### Work to be completed:
Write out the data below in full, unchanged, minus the images.

______________________________

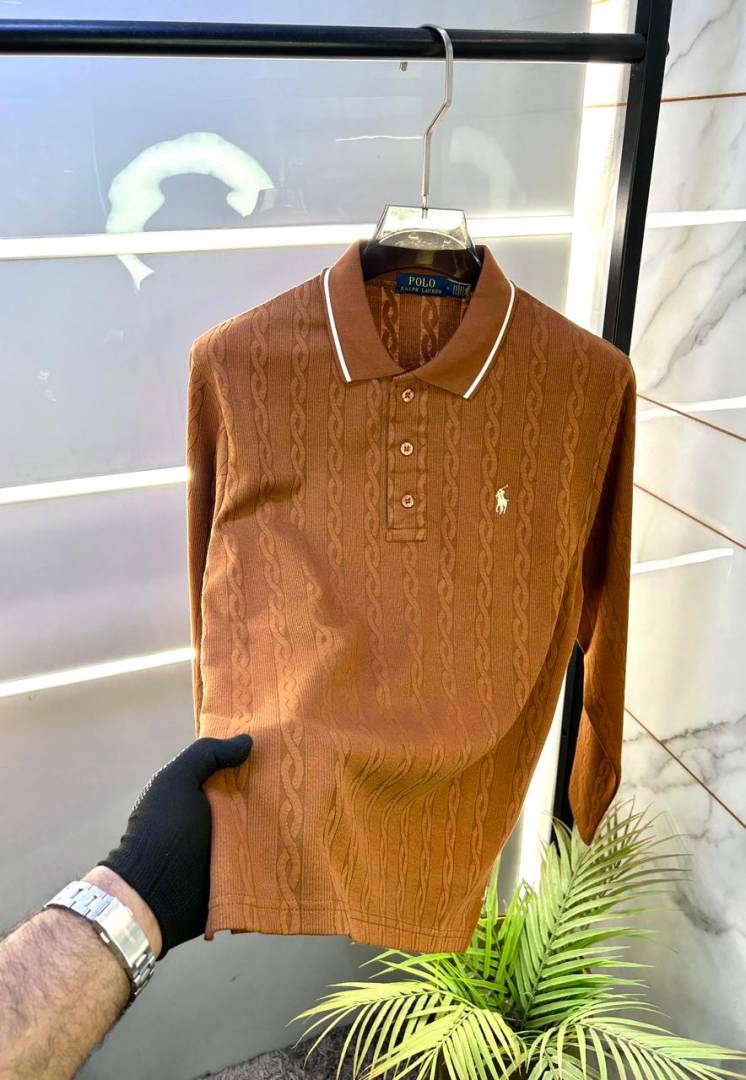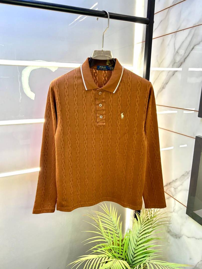 Ralph_Lauren Brown Knitted Full Sleeves Premium Collar T-shirt F2989-BR
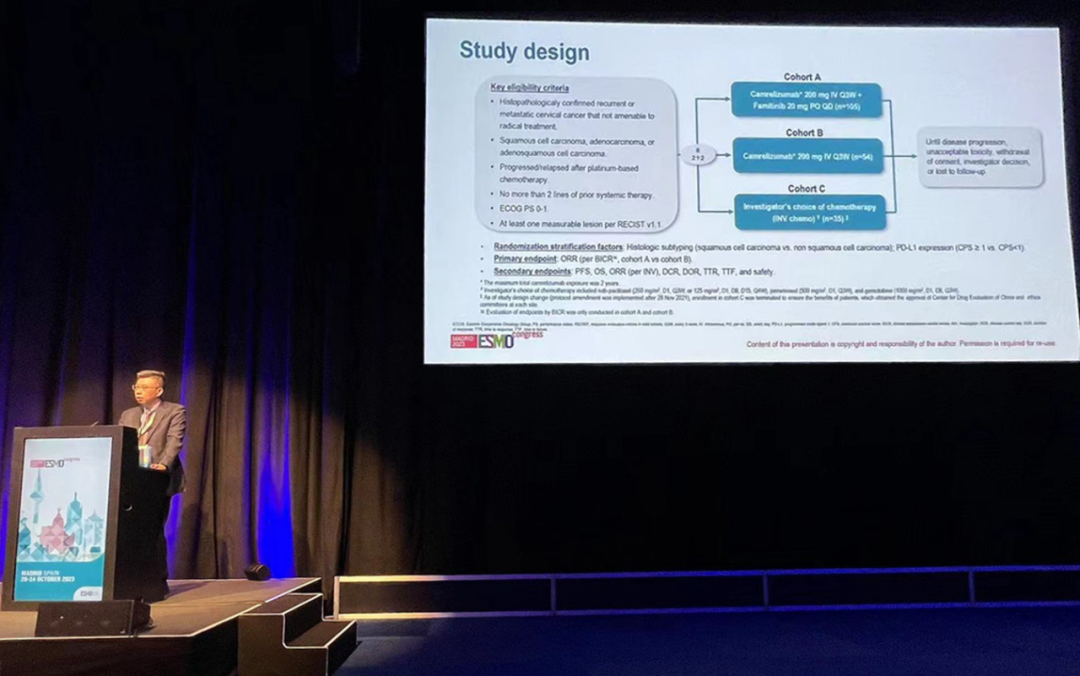 有望为宫颈癌患者带来治疗新选择10月22日,欧美精品久久久久久久免费医药创新药卡瑞利珠单抗联合法米替尼对比卡瑞利珠单抗单药或研究者选择的化疗治疗复发转移性宫颈癌随机、开放、对照、多中心的Ⅱ期临床研究(SHR-1210-Ⅱ-217) 亮相2023 ESMO大会简短口头报告现场3。该研究由复旦大学附属肿瘤医院吴小华教授团队开展,吴小华教授在现场公布了该重磅研究进展。研究结果显示,在既往以铂为基础化疗失败后复发或转移性宫颈癌患者中,与单独使用卡瑞利珠单抗或研究者选择的化疗相比,卡瑞利珠单抗联合法米替尼显著提高了抗肿瘤活性,安全性可控,有望为晚期宫颈癌患者提供新的治疗选择。
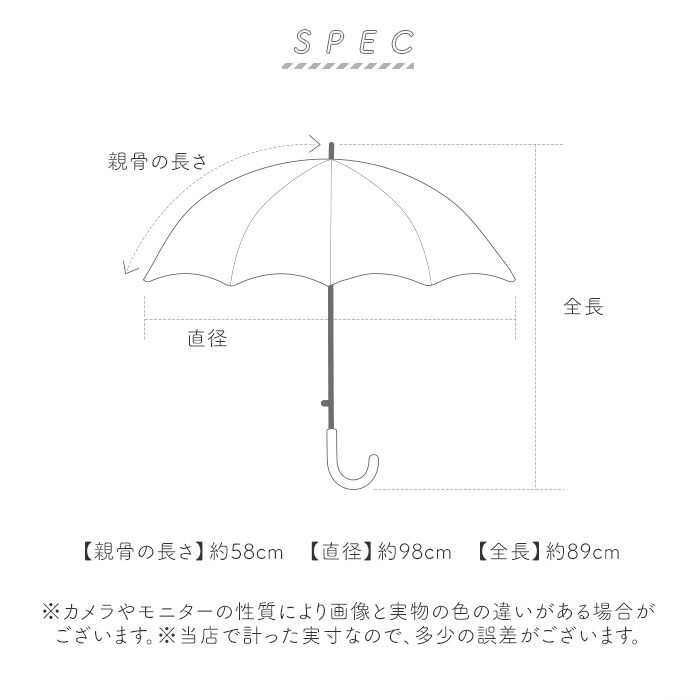 | サイズ | [親骨の長さ]約58cm/[直径]約98cm/[全長]約89cm ※サイズは当店計測の実寸サイズです。実際の商品ならびにメーカー表記サイズとは多少の誤差が生じる場合がございます。あらかじめご了承ください。 |
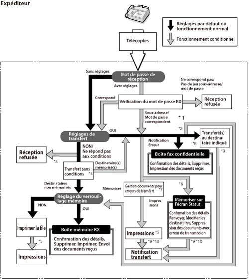 *2 Si [Stocker/impr. doc. reçu] est réglé sur "Oui" sous [Réglages de transfert] (Réglages/Enregistrement > [Réglages de fonction]), les documents transférés sont imprimés ou stockés dans la Boîte mémoire RX.
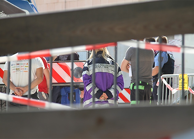 Bei einem Arbeitsunfall in Jena sind am Dienstag zwei Männer schwer verletzt worden. Sie stürzten von einem Dach und fielen in vier Meter tief einen Fahrstuhlschacht. Fotos: Ben Baumgarten

______________________________

### Response to the exercise:
 Ralph_Lauren Brown Knitted Full Sleeves Premium Collar T-shirt F2989-BR
 有望为宫颈癌患者带来治疗新选择10月22日,欧美精品久久久久久久免费医药创新药卡瑞利珠单抗联合法米替尼对比卡瑞利珠单抗单药或研究者选择的化疗治疗复发转移性宫颈癌随机、开放、对照、多中心的Ⅱ期临床研究(SHR-1210-Ⅱ-217) 亮相2023 ESMO大会简短口头报告现场3。该研究由复旦大学附属肿瘤医院吴小华教授团队开展,吴小华教授在现场公布了该重磅研究进展。研究结果显示,在既往以铂为基础化疗失败后复发或转移性宫颈癌患者中,与单独使用卡瑞利珠单抗或研究者选择的化疗相比,卡瑞利珠单抗联合法米替尼显著提高了抗肿瘤活性,安全性可控,有望为晚期宫颈癌患者提供新的治疗选择。
 | サイズ | [親骨の長さ]約58cm/[直径]約98cm/[全長]約89cm ※サイズは当店計測の実寸サイズです。実際の商品ならびにメーカー表記サイズとは多少の誤差が生じる場合がございます。あらかじめご了承ください。 |
 *2 Si [Stocker/impr. doc. reçu] est réglé sur "Oui" sous [Réglages de transfert] (Réglages/Enregistrement > [Réglages de fonction]), les documents transférés sont imprimés ou stockés dans la Boîte mémoire RX.
 Bei einem Arbeitsunfall in Jena sind am Dienstag zwei Männer schwer verletzt worden. Sie stürzten von einem Dach und fielen in vier Meter tief einen Fahrstuhlschacht. Fotos: Ben Baumgarten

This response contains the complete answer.